— DIRECTIONS FOR THIS TASK —
Every line of the records below that has the word "with" should be copied.

— DATA SHOWN —
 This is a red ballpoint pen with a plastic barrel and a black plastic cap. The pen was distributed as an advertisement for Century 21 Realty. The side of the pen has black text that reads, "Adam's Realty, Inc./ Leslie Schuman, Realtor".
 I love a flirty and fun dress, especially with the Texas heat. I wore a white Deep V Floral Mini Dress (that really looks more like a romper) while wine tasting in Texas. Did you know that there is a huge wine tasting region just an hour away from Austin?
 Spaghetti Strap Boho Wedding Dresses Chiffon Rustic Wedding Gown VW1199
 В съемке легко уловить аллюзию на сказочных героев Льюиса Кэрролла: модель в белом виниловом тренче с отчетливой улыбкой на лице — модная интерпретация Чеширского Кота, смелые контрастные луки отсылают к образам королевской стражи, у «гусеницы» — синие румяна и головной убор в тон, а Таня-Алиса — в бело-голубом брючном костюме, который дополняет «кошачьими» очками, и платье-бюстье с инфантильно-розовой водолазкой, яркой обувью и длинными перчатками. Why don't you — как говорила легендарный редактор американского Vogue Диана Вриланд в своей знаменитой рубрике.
* * *
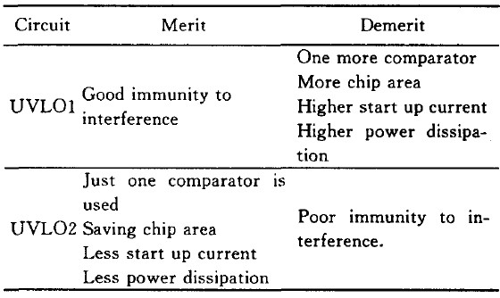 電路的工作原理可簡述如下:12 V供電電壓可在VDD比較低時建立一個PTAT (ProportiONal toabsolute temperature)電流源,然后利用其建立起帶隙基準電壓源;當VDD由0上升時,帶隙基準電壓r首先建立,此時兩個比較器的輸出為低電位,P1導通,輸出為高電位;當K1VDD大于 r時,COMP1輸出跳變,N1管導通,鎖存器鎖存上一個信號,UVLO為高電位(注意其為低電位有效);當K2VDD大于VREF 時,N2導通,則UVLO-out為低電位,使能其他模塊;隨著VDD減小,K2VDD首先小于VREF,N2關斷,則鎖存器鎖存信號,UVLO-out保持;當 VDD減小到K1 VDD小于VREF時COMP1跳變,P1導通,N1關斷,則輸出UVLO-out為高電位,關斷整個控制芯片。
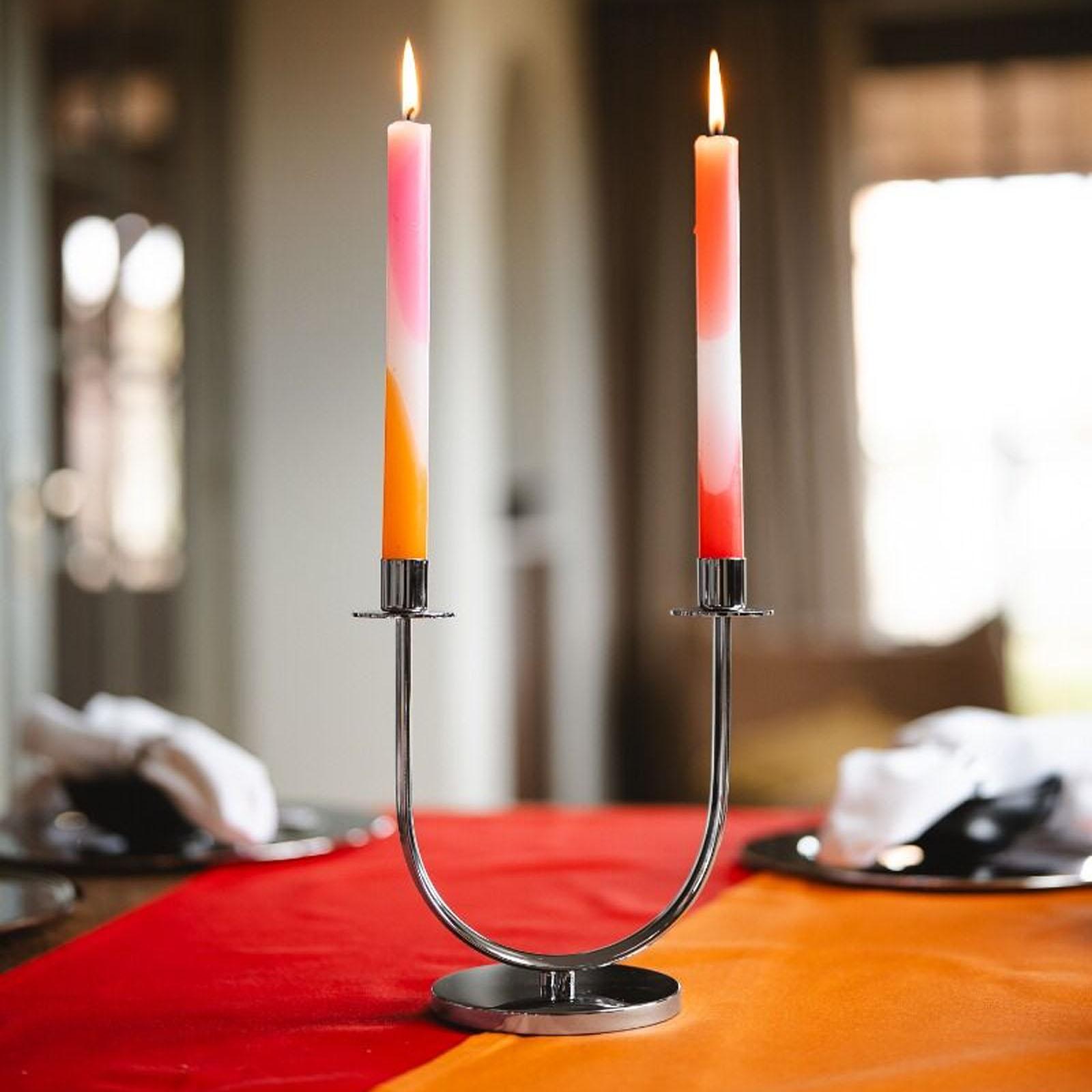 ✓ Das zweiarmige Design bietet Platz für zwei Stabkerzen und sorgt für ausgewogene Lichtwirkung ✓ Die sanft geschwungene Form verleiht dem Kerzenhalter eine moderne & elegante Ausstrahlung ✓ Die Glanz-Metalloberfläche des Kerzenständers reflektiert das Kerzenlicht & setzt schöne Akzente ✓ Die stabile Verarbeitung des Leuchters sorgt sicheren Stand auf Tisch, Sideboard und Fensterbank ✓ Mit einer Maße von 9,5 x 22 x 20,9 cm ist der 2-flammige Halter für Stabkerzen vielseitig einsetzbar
* * *
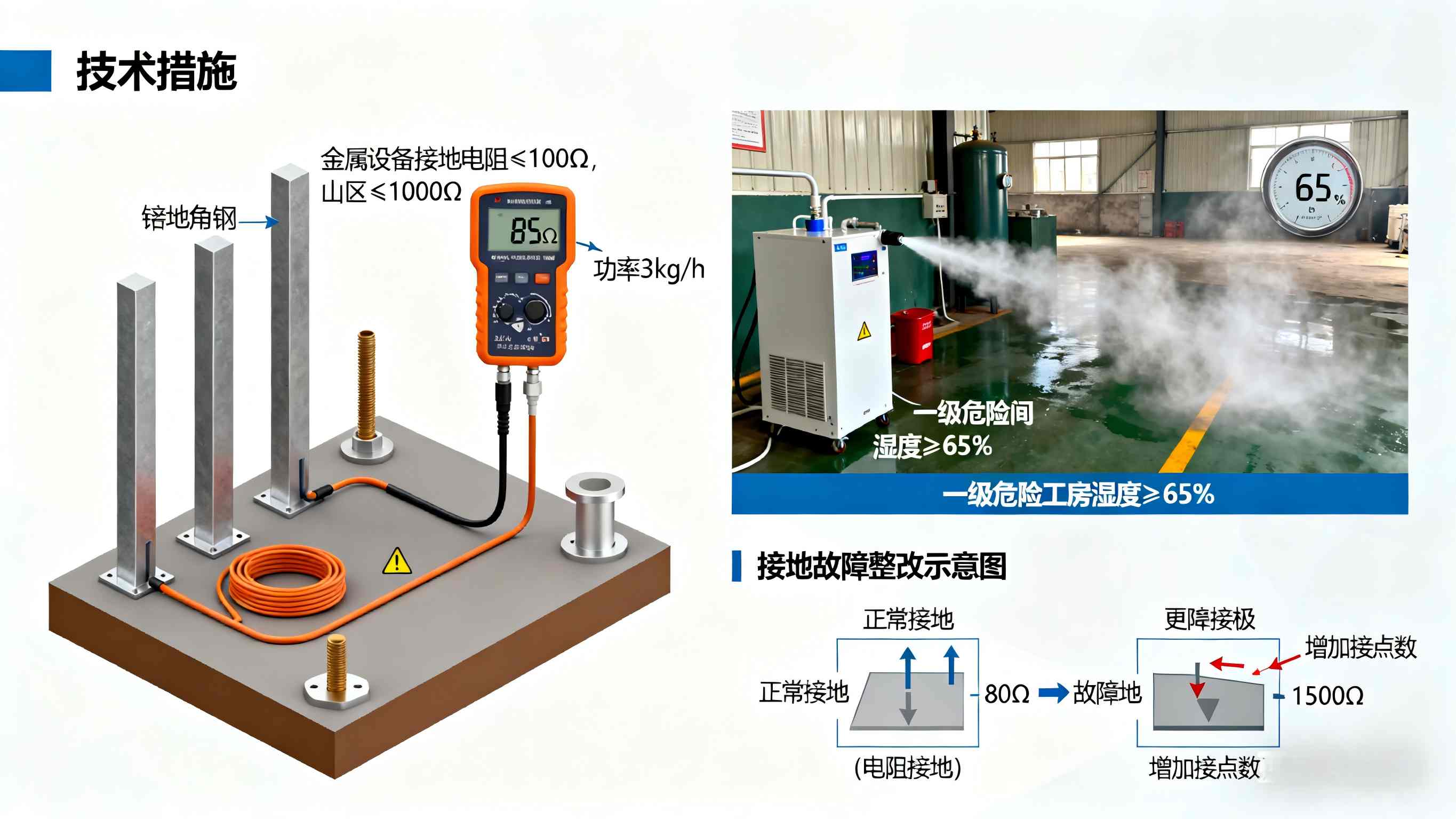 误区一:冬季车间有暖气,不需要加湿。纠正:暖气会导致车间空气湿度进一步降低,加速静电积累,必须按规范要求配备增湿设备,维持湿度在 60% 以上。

— ANSWER FOR THE TASK —
 This is a red ballpoint pen with a plastic barrel and a black plastic cap. The pen was distributed as an advertisement for Century 21 Realty. The side of the pen has black text that reads, "Adam's Realty, Inc./ Leslie Schuman, Realtor".
 I love a flirty and fun dress, especially with the Texas heat. I wore a white Deep V Floral Mini Dress (that really looks more like a romper) while wine tasting in Texas. Did you know that there is a huge wine tasting region just an hour away from Austin?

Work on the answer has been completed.